Yes, I can speak to that to some extent, but also bear in mind that there was one other instance of an Australian citizen being arbitrarily detained in China in recent years—Cheng Lei. She was released late last year, I think after very extensive interventions and negotiations with the Australian government.
Tragically, we have one good news story and one bad news story. Going to Dr. Yang Hengjun, it's very clear from the Chinese government statements in the last week or two that there is absolutely no intention of releasing him. In fact, he has been convicted in the very opaque and arbitrary way of the PRC system.
He's been convicted of an alleged espionage offence and formally given a death sentence which, as we understand it, has been suspended for the time being. Now, part of that tragedy is that the suspension of the sentence may be quite meaningless, because it's understood that he is very ill and that his health condition could well be a consequence of medical neglect during his detention. His family in Australia, his friends, supporters and, I think, Australian society generally are facing the prospect that he may never return to this country.

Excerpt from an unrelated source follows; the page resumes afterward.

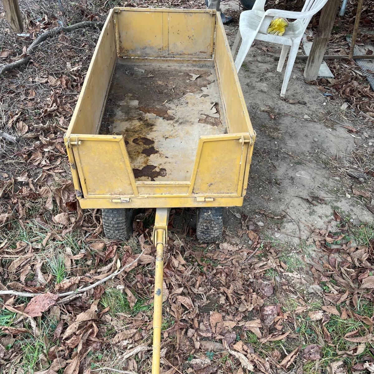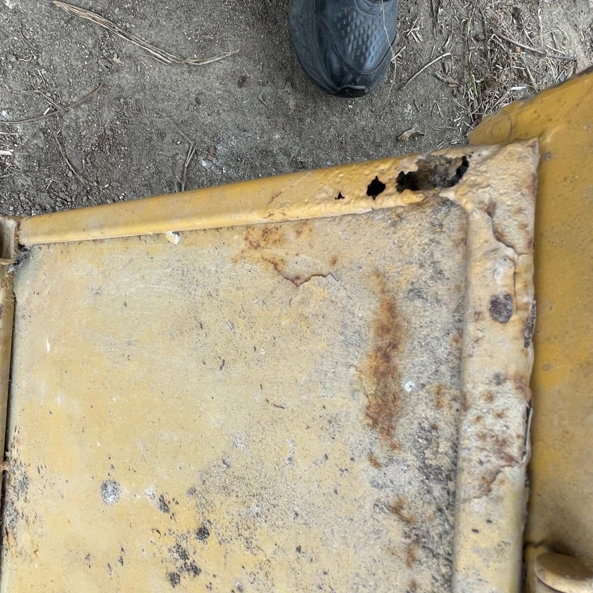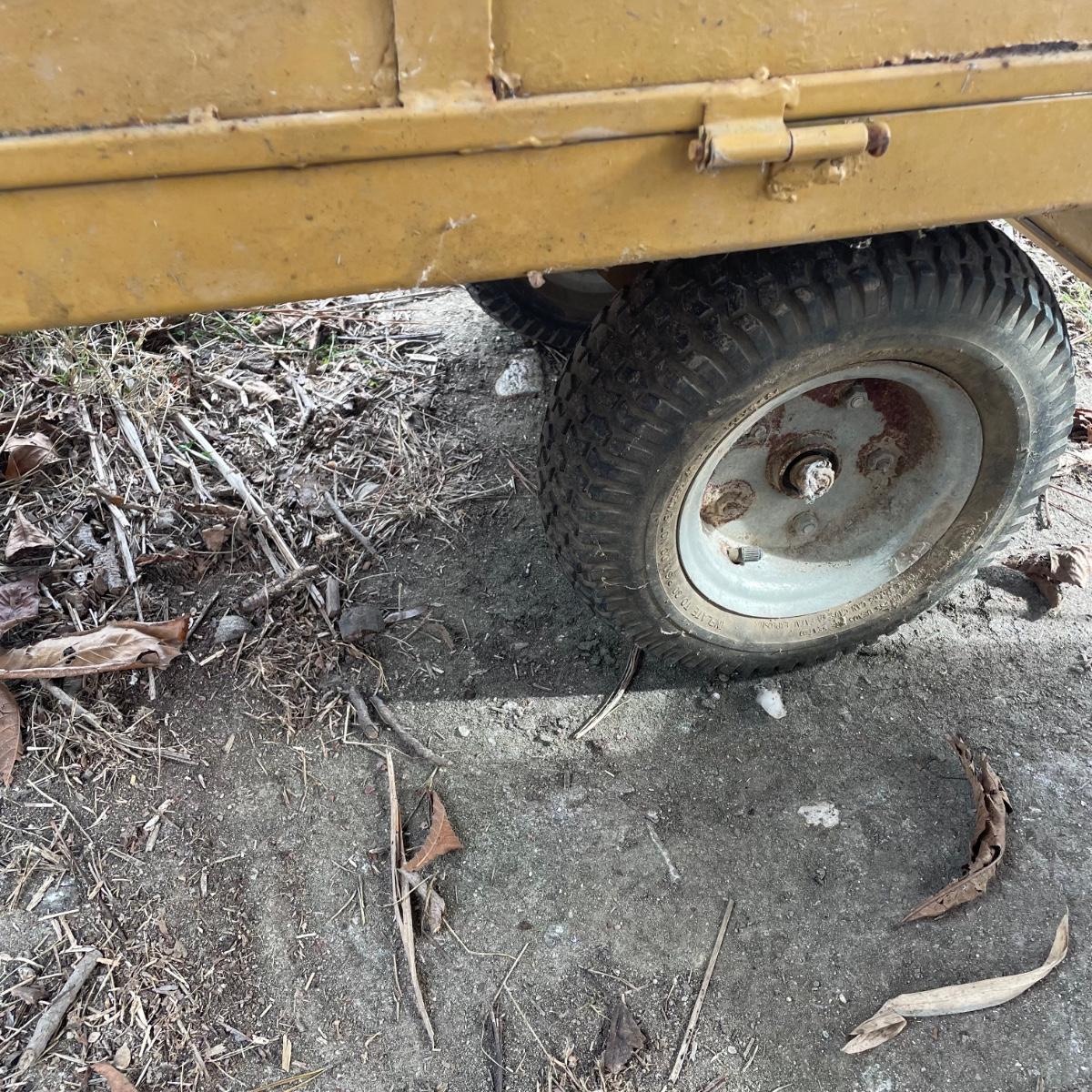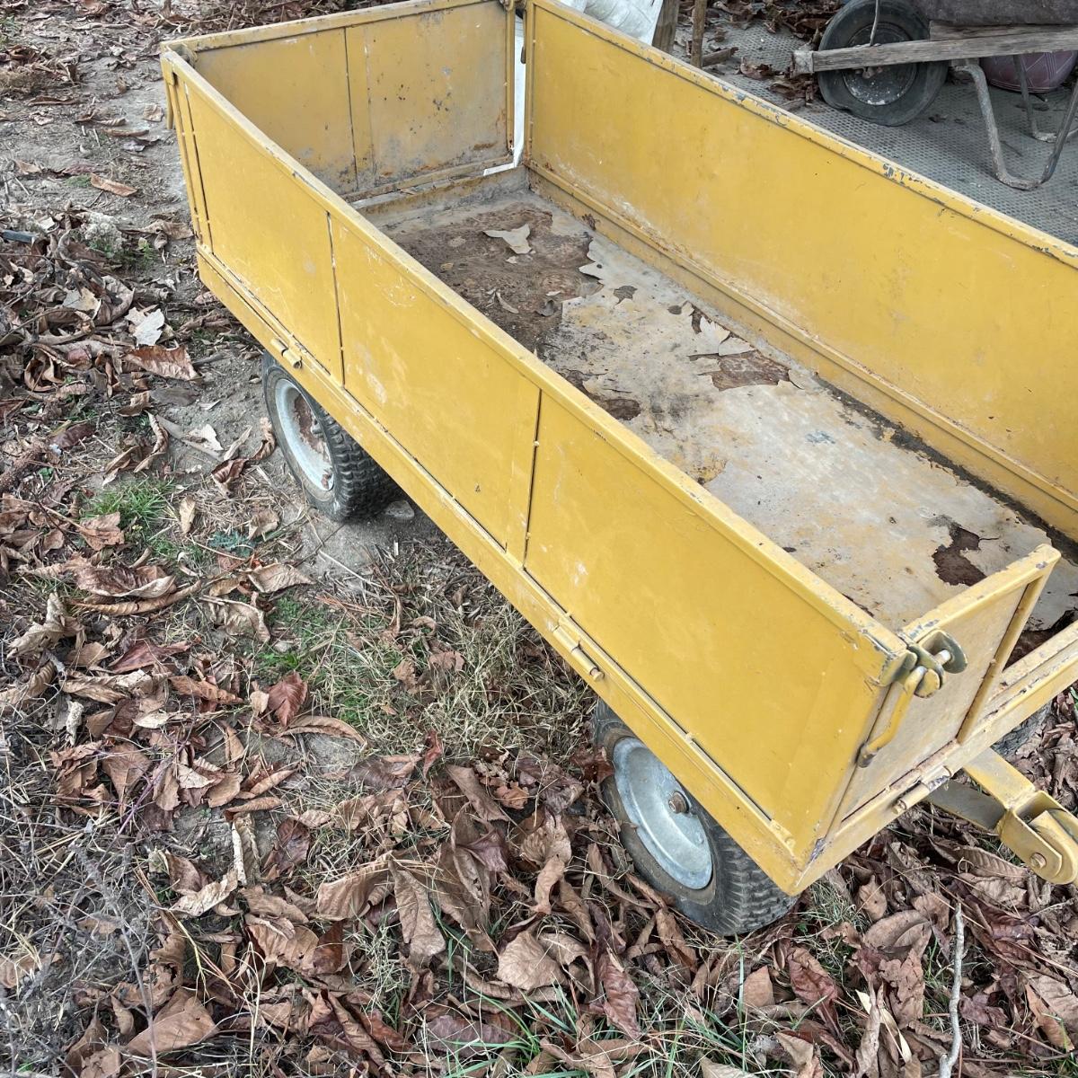 This lightweight metal wagon’s front wheels swivel and all sides collapse down for a flat bed trailer. Most of the rust is surface rust where the paint has peeled, with just a few deeper areas of rust. At least one tire needs replacing.

He is an Australian citizen and has been for quite some time. The coverage of his case increasingly now refers to his earlier status not only as a PRC citizen but as an employee of Chinese government agencies. Reportedly the foreign ministry and the ministry of state security are not in a position to comment with any kind of expertise on that, one way or another.
However, it's been argued in the Australian media coverage that perhaps one reason the Chinese state is so insistent on holding onto him is a sense that he is effectively one of their own, effectively someone who was within the Communist Party security apparatus, who later in life became convinced of the virtues of democracy and has been fearless in campaigning for that. Therefore, in that sense, he's being used, perhaps, as a really ruthless example.
There's also a context and a question as to whether his continued imprisonment and the shadow of his death sentence are some form of continued signalling of coercion to the Australian government, effectively a kind of good behaviour bond for Australian diplomatic respect for China.